Your task
If pictures appear in the lines below, skip them and copy exactly the lines from the one containing "This shawl is" through the one containing "汪涵 、洪恩怡等的藏舞《打青稞》 |", and nothing else.

Raw data
═══

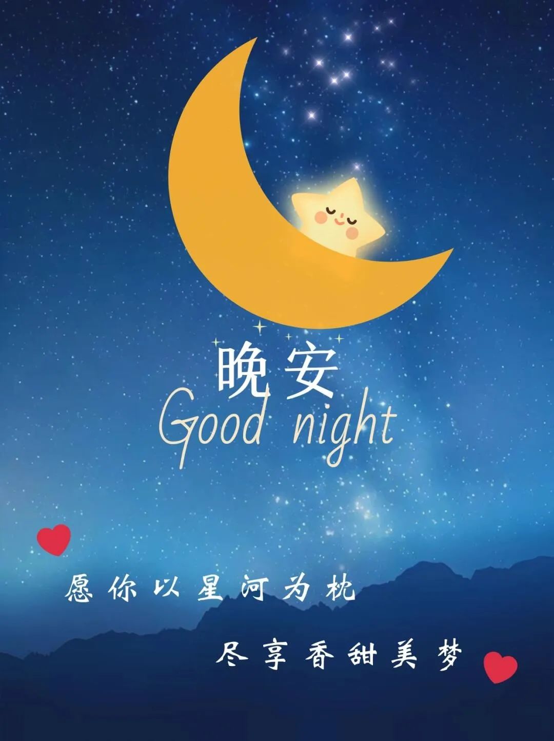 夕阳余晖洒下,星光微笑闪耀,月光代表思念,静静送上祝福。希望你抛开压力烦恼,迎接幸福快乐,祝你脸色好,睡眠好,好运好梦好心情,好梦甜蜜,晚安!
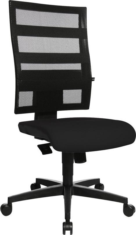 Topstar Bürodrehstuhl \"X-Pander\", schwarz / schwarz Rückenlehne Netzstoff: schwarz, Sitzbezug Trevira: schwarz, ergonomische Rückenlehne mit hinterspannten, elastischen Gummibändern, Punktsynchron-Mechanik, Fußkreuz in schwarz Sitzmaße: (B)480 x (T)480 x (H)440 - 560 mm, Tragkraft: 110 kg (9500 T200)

═══

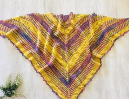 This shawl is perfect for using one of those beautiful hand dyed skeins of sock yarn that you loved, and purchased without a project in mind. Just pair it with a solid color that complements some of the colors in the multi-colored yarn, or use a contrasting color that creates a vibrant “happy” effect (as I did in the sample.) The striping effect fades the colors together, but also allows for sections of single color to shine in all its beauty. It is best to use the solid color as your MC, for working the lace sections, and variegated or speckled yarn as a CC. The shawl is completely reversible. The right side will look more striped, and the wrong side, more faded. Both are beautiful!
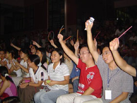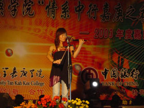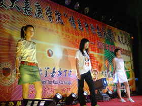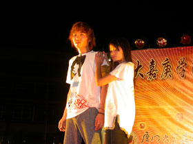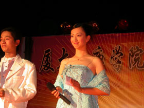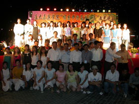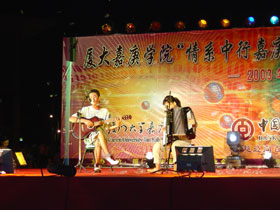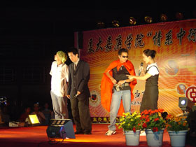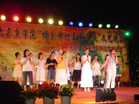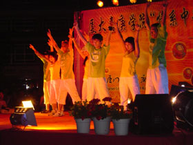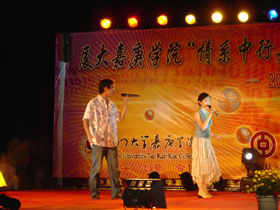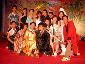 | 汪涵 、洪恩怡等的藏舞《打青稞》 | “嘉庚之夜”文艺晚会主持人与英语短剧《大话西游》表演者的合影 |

═══

Result of this exercise
 This shawl is perfect for using one of those beautiful hand dyed skeins of sock yarn that you loved, and purchased without a project in mind. Just pair it with a solid color that complements some of the colors in the multi-colored yarn, or use a contrasting color that creates a vibrant “happy” effect (as I did in the sample.) The striping effect fades the colors together, but also allows for sections of single color to shine in all its beauty. It is best to use the solid color as your MC, for working the lace sections, and variegated or speckled yarn as a CC. The shawl is completely reversible. The right side will look more striped, and the wrong side, more faded. Both are beautiful!
 | 汪涵 、洪恩怡等的藏舞《打青稞》 | “嘉庚之夜”文艺晚会主持人与英语短剧《大话西游》表演者的合影 |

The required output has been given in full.